Given data START
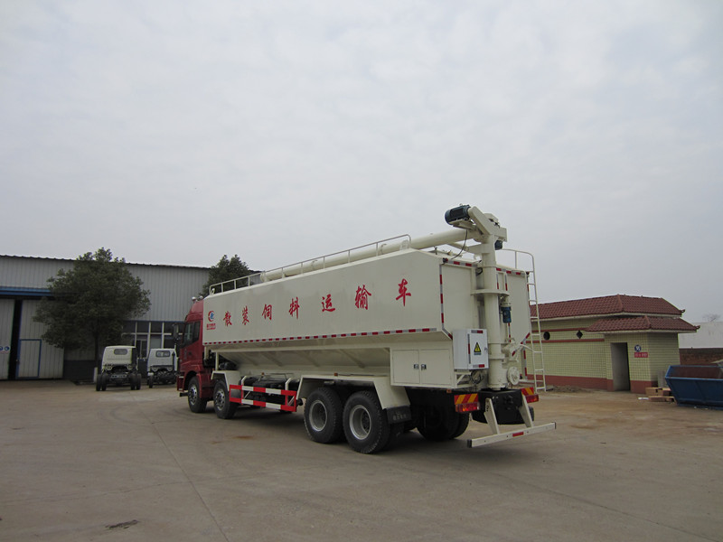 散裝飼料車工作原理:袋料,散裝飼料車在工作的時(shí)候首先打開箱體頂部中間兩倉(cāng)的接料口,裝滿第一種飼料并保證每倉(cāng)裝載3T然后打開最前及最后兩倉(cāng)接料口,裝第二種飼料。這兩個(gè)倉(cāng)位常閉倉(cāng),設(shè)有單獨(dú)倉(cāng)口,因此也可分別裝載兩種飼料,這樣就實(shí)現(xiàn)整車裝運(yùn)三種不同飼料的功能。
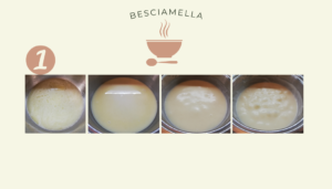 In una ciotola unite la purea di zucca con la besciamella, i tuorli d’uovo, il formaggio grattugiato e mescolate bene per amalgamare tutti gli ingredienti.
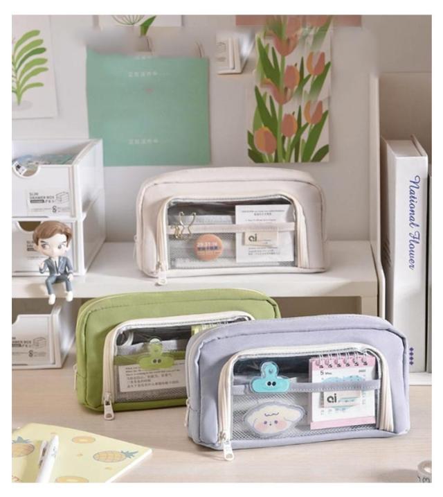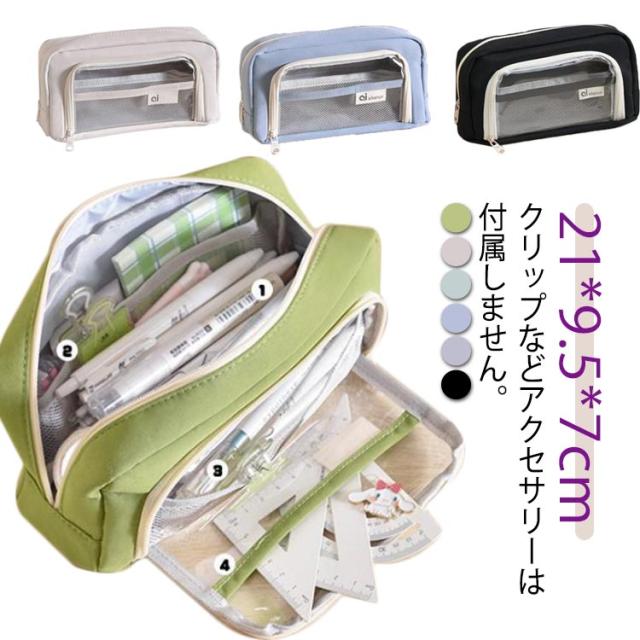 自立型 クリアポケット付き 高校生女子 透明 かわいい シンプル 韓国 オシャレ 大容量 大容量 筆入れ プレゼント 筆箱 可愛い スリムポーチ 大学生 中学生 クリアポケット付き 新学期
Given data END
Your goal - Apart from the pictures, every line above must be repeated exactly.

Solution for this problem -
 散裝飼料車工作原理:袋料,散裝飼料車在工作的時(shí)候首先打開箱體頂部中間兩倉(cāng)的接料口,裝滿第一種飼料并保證每倉(cāng)裝載3T然后打開最前及最后兩倉(cāng)接料口,裝第二種飼料。這兩個(gè)倉(cāng)位常閉倉(cāng),設(shè)有單獨(dú)倉(cāng)口,因此也可分別裝載兩種飼料,這樣就實(shí)現(xiàn)整車裝運(yùn)三種不同飼料的功能。
 In una ciotola unite la purea di zucca con la besciamella, i tuorli d’uovo, il formaggio grattugiato e mescolate bene per amalgamare tutti gli ingredienti.
 自立型 クリアポケット付き 高校生女子 透明 かわいい シンプル 韓国 オシャレ 大容量 大容量 筆入れ プレゼント 筆箱 可愛い スリムポーチ 大学生 中学生 クリアポケット付き 新学期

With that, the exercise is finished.